Hacker News new | ask | show | jobs
by bob_theslob646 2531 days ago
Holy smokes that is an amazing story. Do you have any more? I am always fascinated to hear how researchers design studies to prevent people from just spamming in any old answer.
1 comments

I'm not sure what the state of the art is nowadays. Back in the day. The method at the time was so new, we just assumed that there would be no bots that would be able to complete the experiment successfully, or that they would stand out like a sore thumb upon analysing the data. Modern frameworks will eventually have to deal with this I'm sure. The structured way in which experiments are defined also make it easy to develop tools to automate this. Unfortunately I'm not into the field enough anymore to know how people are dealing with it.

The biggest problem we had was with people with high latency connections. The effects we were looking for were measured in 10s of milliseconds. In order to tease out these effects, we had to be very particular about the timing of when certain stimuli were presented to the participant. High latency page reloads (which were unavoidable in the system we built our method on) would mess with this high-precision presentation requirement. We measured the latency, but did not pre-emptively exclude anyone based on their latency, hence the high % of people with unusable data in our initial validation experiment.

For subsequent experiments I built a "loader" screen that would pretend to be loading the experiment.
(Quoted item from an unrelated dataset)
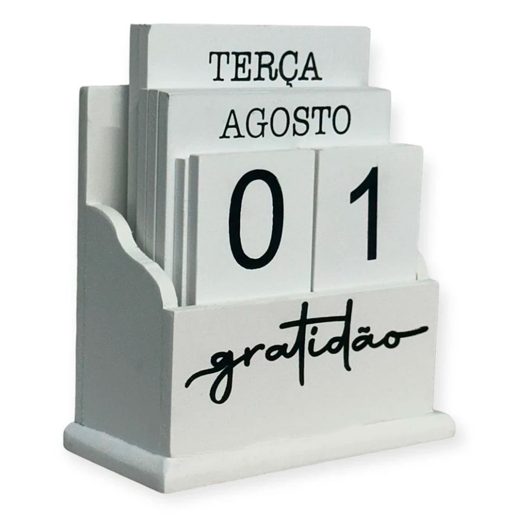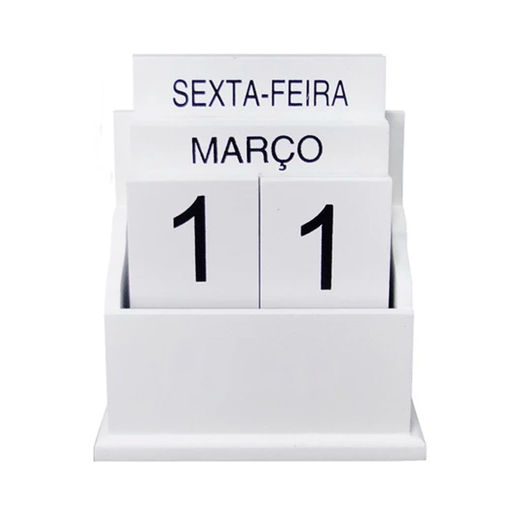 Calendário Permanente Decorativo de Mesa Elegante Suporte e Bloquinhos em Madeira

What it in fact was doing was refreshing the webpage several times (ofcourse, while progressing a progress bar) to measure the latency of the connection of the participant. High average latency + high variance latency connections were excluded. The tresholds were based on what we found in the early validation study.

Surprisingly, after throwing out the high-latency data, there were no other exclusions necessary. It seemed that for our validation study, all participants were very attentive during the experiment.

In "in-person" cases, researchers would add attention checks to their experiments with the logic that failing these attention checks by itself is no indication of "spamming", but seeing weird quirks in the data + failed attention checks would be. One that my supervisor was fond of was throwing in instruction screens, in the middle of runs of trials that required you to press a very specific button to continue. E.g., the experiment has you press 'A' and 'J' constantly, and to continue you have to press 'N'. Secretly though, A and J were also valid ways to continue with the experiment. The thought being that if you were hammering one of those buttons to quickly get through the experiment, you would also skip past the instruction screen very quickly with it.